Опал императрицы (Опал Сисси) - Жюльетта Бенцони
Шрифт:
Интервал:
Закладка:
– Никак невозможно. Мне тоже нужно принять душ. Если хочешь знать, я только-только с поезда, а до ужина нужно еще успеть нанять машину. Поговорим за столом.
– Минутку! Зачем тебе машина? Есть же моя!
Я видел, как ты подъехал, но, поскольку мне ничего не известно о твоих планах, разреши мне сосредоточиться на моих, – лицемерно произнес Морозини.
– Мне абсолютно нечего делать, разве что вернуться в Париж. Если я и мой автомобиль тебе нужны, мы – в твоем распоряжении. Кстати, почему ты в Зальцбурге?.. И что ты делал в Опере с Симоном? – добавил Адальбер, в чьих глазах вдруг мелькнул огонек подозрения. – Не идет ли, часом, речь о... о...
Он боялся договорить, тем более что лакей, верный своему образу, выходил в коридор подчеркнуто медленно и торжественно.
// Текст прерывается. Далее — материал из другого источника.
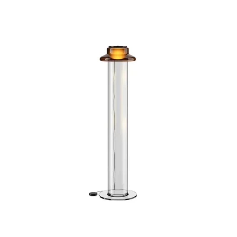 The Pace 28 – F Floor Lamp showcases a seamless interaction of light and glass, offering refined gradients and reflections as illumination travels through its layered structure. Crafted with a focus on minimalism, this lamp stands out due to its slender and lightweight profile, all set upon a clear glass base. It features a touch dimmer, enhancing user experience with a customizable light intensity.
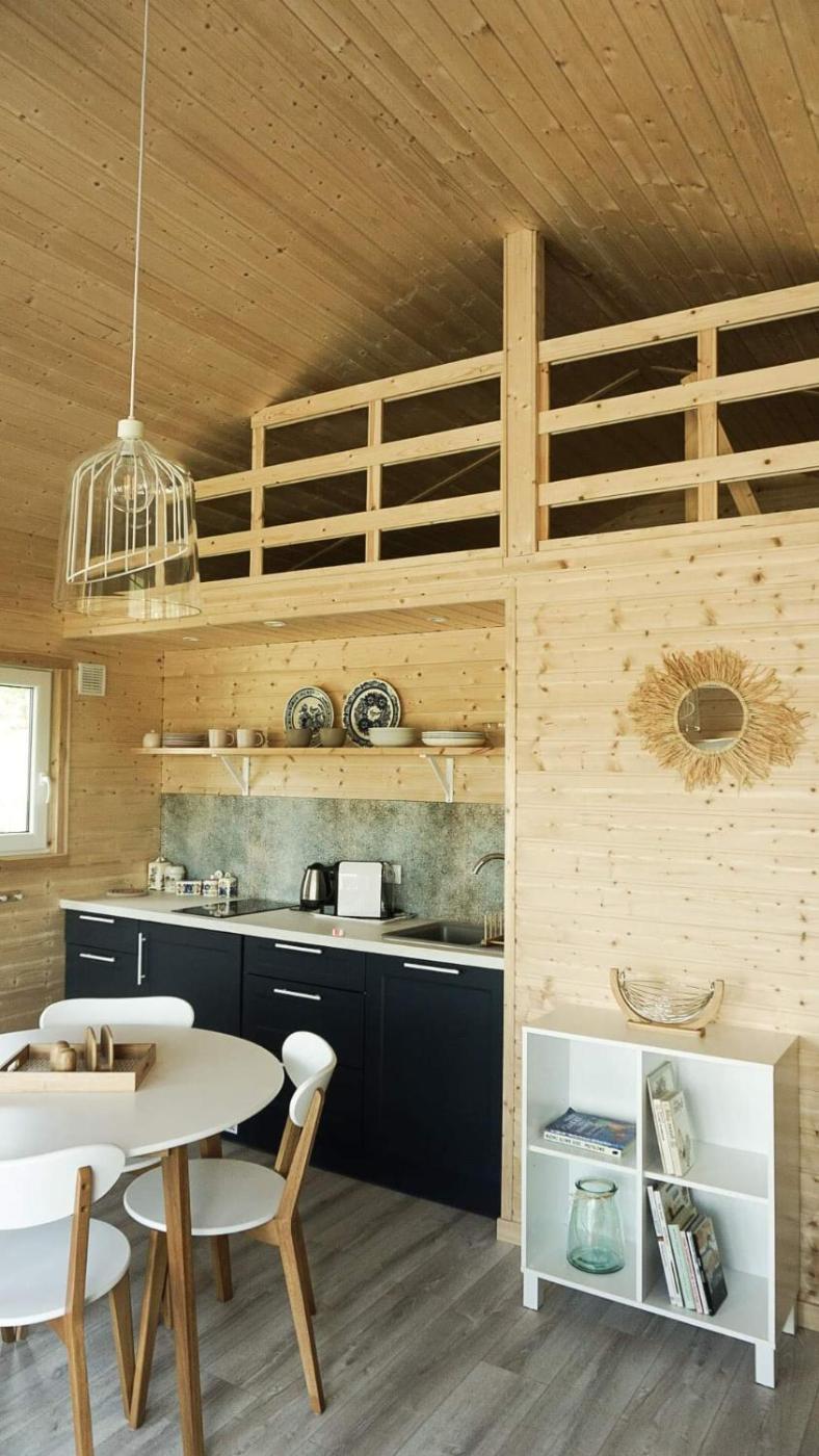 Wszystkie opcje zakwaterowania mają taras, skąd roztacza się widok na jezioro. W każdej opcji znajduje się też kuchnia z lodówką i płytą kuchenną oraz prywatna łazienka z prysznicem. We wszystkich opcjach zakwaterowania znajduje się część wypoczynkowa i jadalnia.

Альдо широко улыбнулся.
– Заключай пари, и ты выиграешь! – весело сказал он. – Вот только хочешь ты этого или нет, но придется подождать до ужина. Мне действительно необходимо хорошенько помыться.
– Тебе нравится меня томить!
– Это уж слишком! Послушай, дружище, я целую неделю только и делаю, что пытаюсь хоть что-то разузнать о тебе, и моя позавчерашняя встреча с твоим драгоценным Теобальдом ничего не прояснила. Можешь гордиться им: он нем как могила!
– Ты был у меня дома?
– Блестящая догадка! Все, что я смог выяснить, допрашивая его с пристрастием, это то, что ты отправился отдыхать с дамой. Вот и ты теперь терпи до ужина.
Адальбер не стал настаивать. К удивлению друга, он страшно покраснел и поспешил ретироваться к себе в комнату.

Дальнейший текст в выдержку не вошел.